Ford B-Max 1.0 EcoBoost – review

4 June 2013

Ford B-Max side view

Ford B-Max
Rating: 4 out of 5 stars
Good: Eager and agile, with unrivalled access to the rear seats
Bad: Fiddly minor controls and a small boot
Price:
from £16,195
It’s always been unwise to judge a book by its cover, and the one-litre Ford B-Max provides a rolling proof of the old saying. Open the doors wide and the absence of a central pillar holding the roof and floor together might lead you to expect a wobbling blancmange of a car, while the tiny 999cc capacity of its three-cylinder engine suggests something of a tedious slug. Happily, neither is remotely close to the case.

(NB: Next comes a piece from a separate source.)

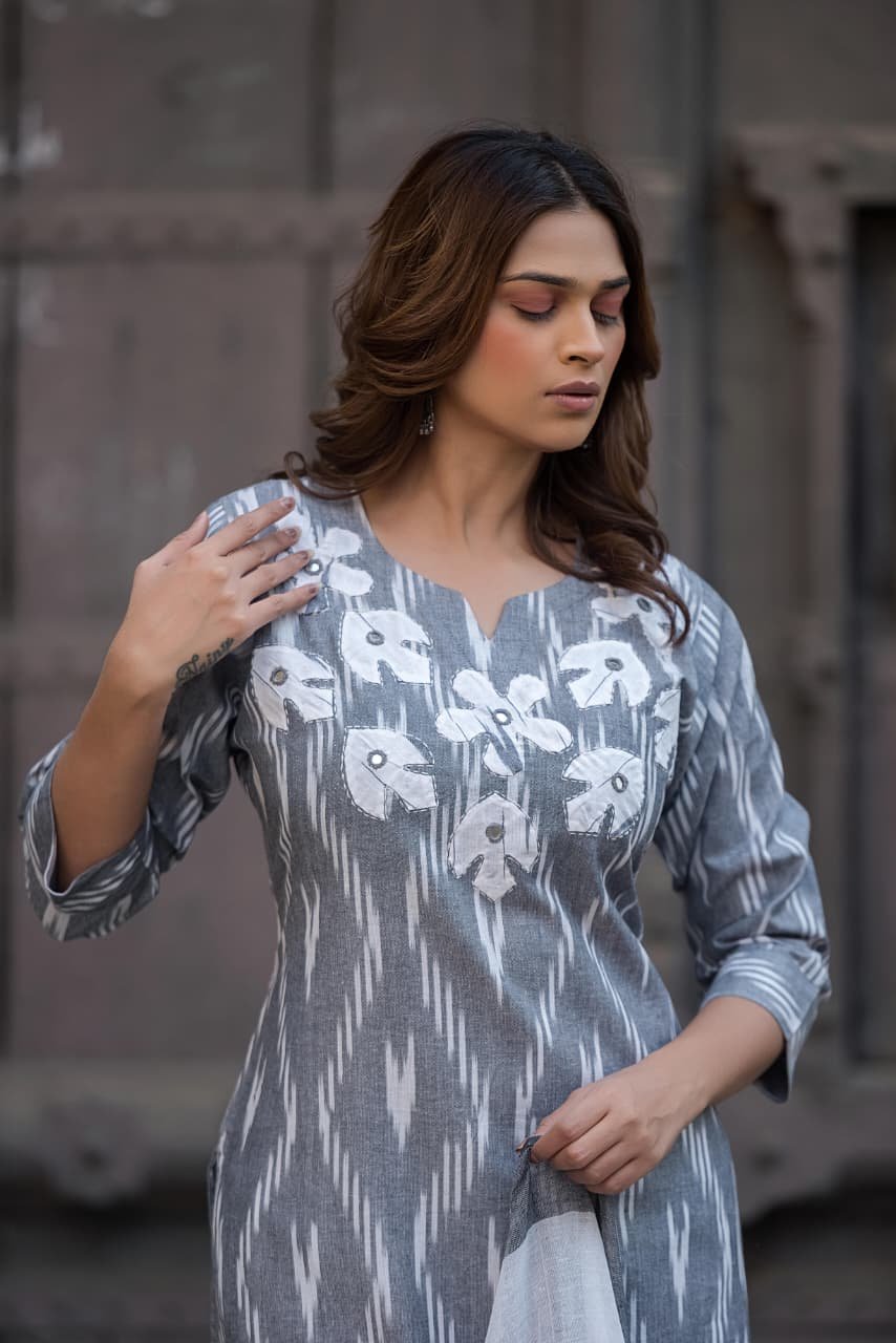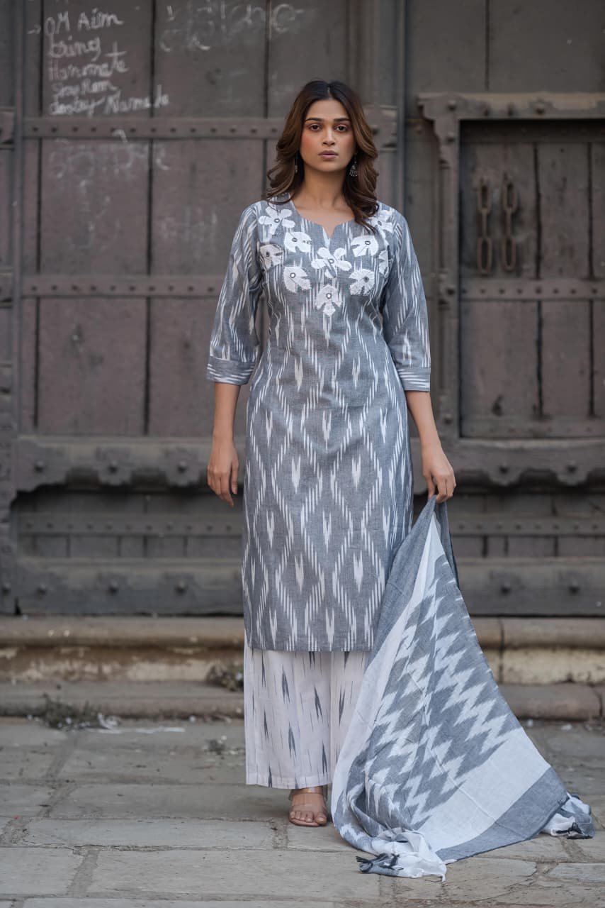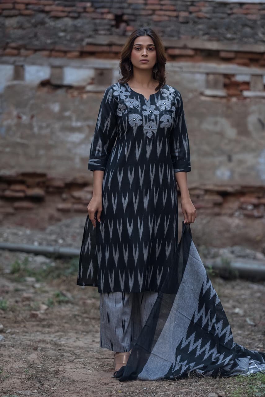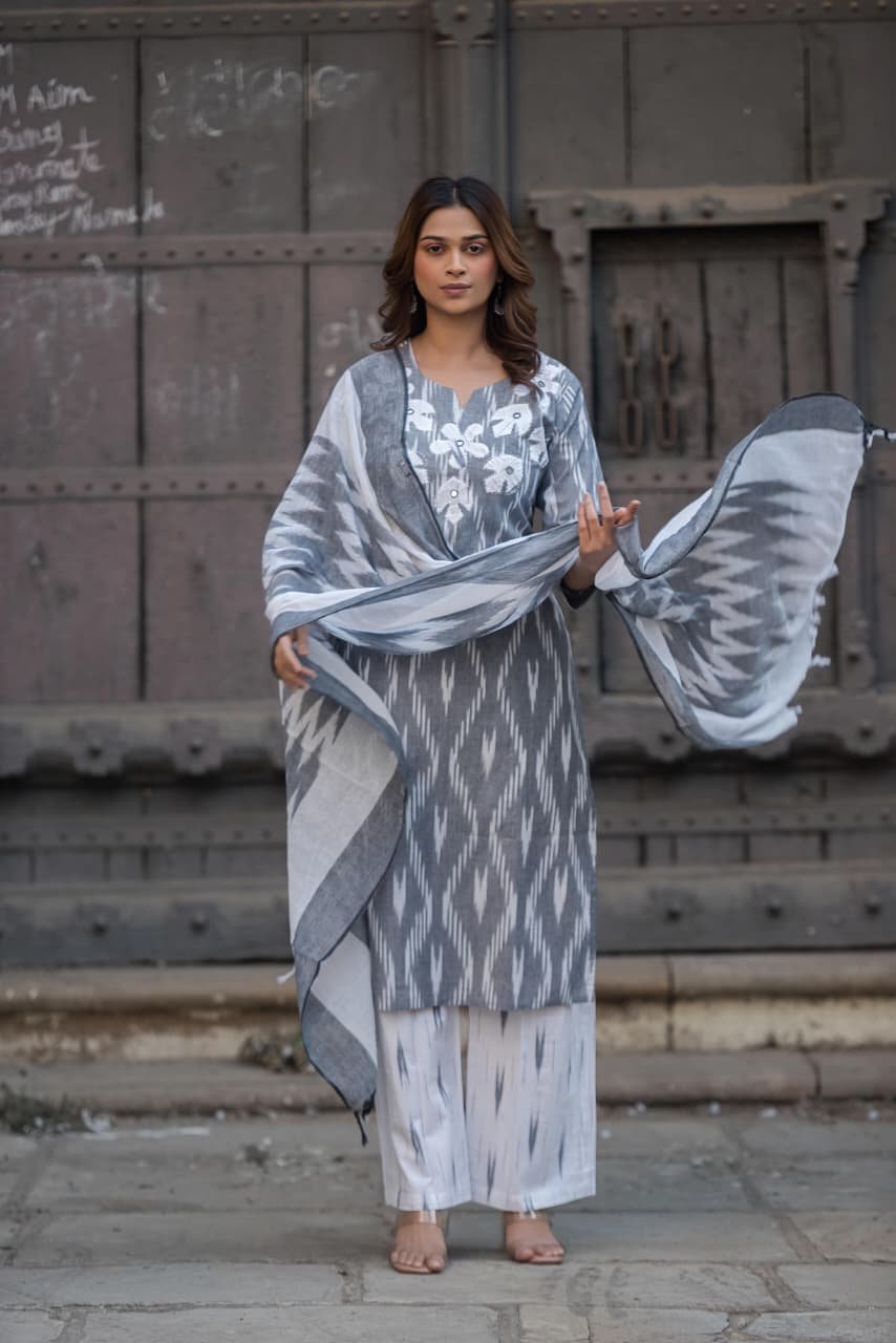 Handloom Ikkat Cotton 3PC Suit Set with Appliqué Work

Ford has deployed lashings of high-strength steel and clever door latches to ensure the B-Max can hold itself tightly together on the move, providing the stiff structure needed for secure handling at speed. With its doors closed, the B-Max is actually stiffer than Ford’s own Fiesta, which shares many of the same underpinnings.

Ford B-Max side view with doors open

Similarly, the turbocharged three-pot engine proves a real zinger. In the £18,195 Titanium model I tested it provides 125PS (123bhp) and 200Nm of torque, enough to zip this modest people carrier to 62mph in 11.2 seconds. Official economy, meanwhile, comes out at 57.7mpg on the combined cycle paired with 114g/km of CO2, both figures aided by the start-stop system fitted to my car.

But even these reassuring facts on paper don’t prepare me for actually driving the thing. Having completed an all-too-brief spin at urban, B-road and motorway speeds, I now understand why the EcoBoost engine has won awards. It pulls like a diesel but feels as smooth and free-revving as a petrol. It is by no means quiet, but the noise that thrums around the cabin is melodious enough. If you like to hear an engine working, you’ll love this.

Ford B-Max front view

Faced with even a steep incline, the B-Max seems to be able to shrug off its 1,279 kilos and canter to the top. I must confess I tested it empty, mind you. A full load of bodies and baggage might slow it down a tad.

The poise with which it carved through corners also surprised me. I drove the B-Max right after the Mini Paceman, and the practical people-carrier put the supposedly sporty coupé to shame. Excellent steering, brakes and body control combine to make the B-Max feel uncannily light and agile, inspiring bundles of confidence. I doubt it would be wise to chuck the B-Max at bends with kids slumbering in their chairs, but it’s very reassuring to know that the chassis can respond with quick wits in a tight spot.

Ford B-Max console buttons

Of course the B-Max is not all good news. Even a brief glance at the centre console, strewn with its haphazard collection of fiddly buttons, is enough to learn that the B-Max won’t be cutting any mustard in ergonomics. The big Sony label under the CD slot reminds me of when I last saw this class of clutter – on a clock radio I owned about a decade ago.

I have very few other grumbles on first acquaintance with the car. It feels comfortable and well screwed together, while the signature large opening makes access to the rear seats a trifle. Any of the five doors can be opened independently, and the rears slide very easily to and fro on their runners, closing securely without the need for a hefty slam. The doors don’t feel as heavy to swing as their thick frames might suggest.

Ford B-Max front interior

I even like the way it looks. True, the style is a bit cookie-cutter Ford, but the designers have come up with some neat touches. For example, by stretching the rear lamp clusters forward along the flanks of the car, they’ve disguised the length of the rear-door slots.

The B-Max is smaller than average for this kind of car. It’s fully 20cm shorter, and a mite narrower and lower than a Vauxhall Meriva, for example. The Ford’s 318-litre boot is also about 80 litres less capacious than the Vauxhall’s, and the rear bench doesn’t slide to help it swallow awkward items. Interestingly, the B-Max is roughly the same size in every direction as the Citroen C3 Picasso, but still falls short of the French car’s boot capacity by about 70 litres.

Whether easy access to rear seats outweighs a cramped boot may be a key question for likely buyers of Ford’s smallest MPV. In the final reckoning, getting a baby buggy neatly aboard is probably more important than any amount of eagerness from the engine or agility at the wheel.